OKC proposed trespass ordinance is a fascist boondoggle

-- Oklahoma City's own 'papers, please' ordinance


This guest opinion piece is by Nick Brooke, the principal data scientist of Brooke Insights, a mathematics consultancy in Oklahoma City.

In 2015, the City of Oklahoma City passed an unconstitutional anti-panhandling ordinance. When the city was sued, the Oklahoma City Council spared no taxpayer expense to hire outside counsel to defend the doomed law to the bitter end. In August 2021, after all appeals had been exhausted, a judge ordered the city to pay another $985,000 in legal fees to the ACLU, who represented the plaintiff who sued. 

Undeterred, this Tuesday, the Council will consider two new ordinances by Councilmembers Stonecipher, Carter and Stone.

A Saturday report from The Oklahoman focuses on the encampment ordinance. I direct your attention to proposed changes to the trespassing ordinance, which are somehow even worse. If passed, it would criminalize an astonishing number of things that you & I do every day.

A section of the ordinance introduced by Councilmembers Stonecipher, Carter, and Stone that would amend the definition of trespassing in Oklahoma City. Words that are stricken through would be removed to the current code, while words that are underlined would be added.

Here, the city would define trespassing as “each and every actual entry upon public or private property without a verifiable legal right to enter or remain on the property.” Now “verifiable legal right” is a phrase that I’ve not heard before, particularly with respect to when I’m allowed to be outside. Fortunately, the ordinance defines this new phrase.
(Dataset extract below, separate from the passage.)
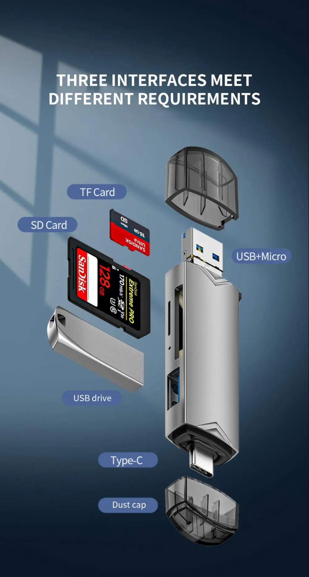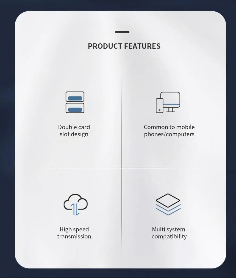 1. 【Diseño multifunción 】conjunto de lector de tarjetas USB 2,0 Puerto USB, Puerto USB y Puerto tipo C, lo que hace que este lector de tarjetas sea compatible con todas las tabletas y teléfonos inteligentes que admiten la función OTG.
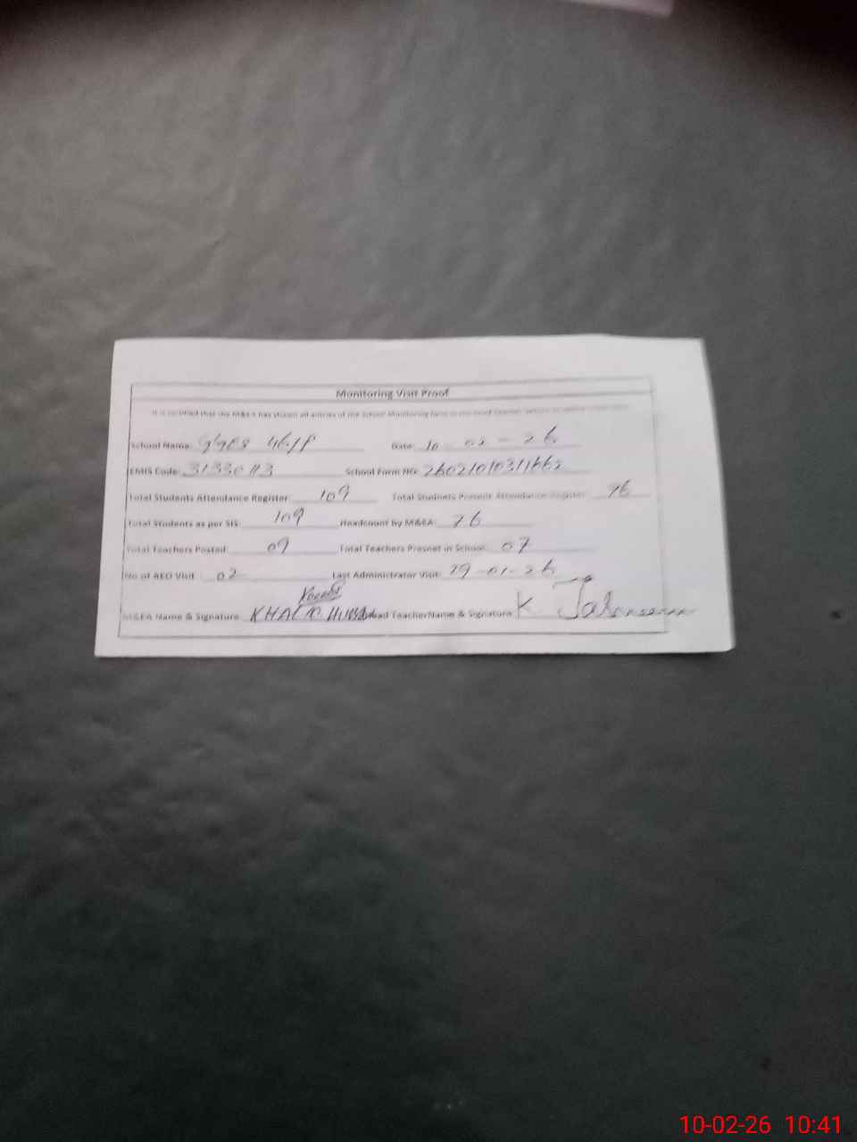 | Monitoring Date: 10-02-2026 | Start Time: 10-02-2026 10:01 AM | End Time: 10-02-2026 10:42 AM | Name of MEA: Kh**** Hu**** | |

Any person who enters or remains on private property—that’s you—who claims a right to be present on the property must have verifiable proof; without proof, a prima facie case of trespass on private property is established. (“Prima facie” means “first sight;” legalese for, “well, duh.” The presumption can be rebutted at trial, long after you’ve been arrested.)

If I’m grilling in my own backyard, which is private property, a cop can demand “verifiable proof” of my right to be there; if I can’t produce my mortgage, now I’m trespassing. What does the city do to trespassers?

Cops can take you to jail for trespassing. And not a good jail, either—Oklahoma County!

Would you stand for such treatment? Should taking your neighbor’s recycling bin in from the curb without a permission slip be a crime? Trick-or-treating? Idling in the parking lot of a closed business while you take a phone call? Kids camping out in the backyard at a sleepover?

Of course not.

You and I would not stand to be accosted by some goon while we go about our private business. Yet, these freedom-loving conservatives have proposed an ordinance that would empower the Oklahoma City Police Department to arrest and jail anyone on private property who can’t prove on demand that they have a right to be where they are. 

I’ve heard this somewhere before: In English, it’s usually translated “papers, please.”

The “wink, wink” in the ordinance is that it’s not meant to be enforced against you and me, only our neighbors experiencing homelessness.

To be complacent about this because you’re not today’s target is to be ignorant of history. To make everyone guilty of a crime and vest a police agency with sweeping power to decide who to arrest makes for a police state—when that police agency is already under federal investigation for civil rights violations, I’d watch out.

If the laws don’t apply to everyone equally, eventually, the state will decide to apply them to you: OKC blacks, Latinos, and political protesters, you’re on deck.

Enforcing the proposed law exactly as written against everyone would lead to widespread civil unrest; enforcing it only against the homeless who can’t defend themselves violates the equal protection clause of the Fourteenth Amendment. Aware of this, the city ends the ordinance with a fig leaf to assure courts that Oklahoma City totally respects the rule of law

Tacking on a “psyche!” clause to the end of your unconstitutional law will not secure victory—in federal court, our Constitution trumps your silly ordinance. If Stonecipher, Carter, and Stone want to cough up another million dollars to the ACLU, they should open their own checkbooks this time and leave our tax dollars out of it.